Reputation: 551
I'm looking to search a word say "amend" which may be present in data as "amending", "amendment" or even "*amend". Which is the best method to search words like these? I know wildcard can achieve this but I am restricted to not using it due to my other part of the code. What are the different ways which provides better search performance?
Upvotes: 15
Views: 48026
Reputation: 1286
What you're describing with the terms "amend", "amendment" and "amending" is called keyword stemming. You can add a stemmer token filter to your Elastic index settings.
For Example:
PUT /my_index
{
"settings": {
"analysis" : {
"analyzer" : {
"my_analyzer" : {
"tokenizer" : "standard",
"filter" : ["standard", "lowercase", "my_stemmer"]
}
},
"filter" : {
"my_stemmer" : {
"type" : "stemmer",
"name" : "english"
}
}
}
}
}
Using this stemmer will index the terms [amend, amending, amendment]
as [amend, amend, amend]
.
Then you can do a match
query and it should return what you're wanting.
Upvotes: 1
Reputation: 2277
There is various way:
As you mention you cannot use wildcard, Then go for query_string
{
"query":{
"query_string":{
"default_field":"text",
"query":"*amend"
}
}
}
Second you can use n-gram tokenizer. You can check here https://www.elastic.co/guide/en/elasticsearch/reference/current/analysis-ngram-tokenizer.html
It will breaks your value "amending" to words like ["ame","men","end" ... etc]

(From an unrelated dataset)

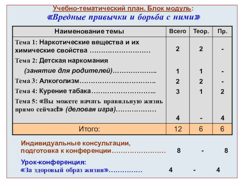 подготовке их к конференции отводится - 8 часов.
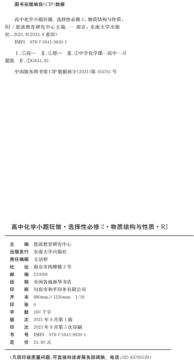 高中化学小题狂做·选择性必修2·物质结构与性质·SJ

Once you done with applying n-gram tokeinzer, Start indexing your data.
You can query like below:
{"query":{"term":{"text":"amend"}}}
You will get your output result.
Upvotes: 5
Reputation: 8840
You can implement this using query_string feature of elasticsearch. Assuming that you use default standard analyzer
.
{
"query":{
"query_string":{
"default_field":"Customer",
"query":"*Jo*"
}
}
}
You can add multiple fields as well as shown in the below query
{
"query":{
"query_string":{
"fields":[
"Customer",
"Name"
],
"query":"*Jo*"
}
}
}
Upvotes: 18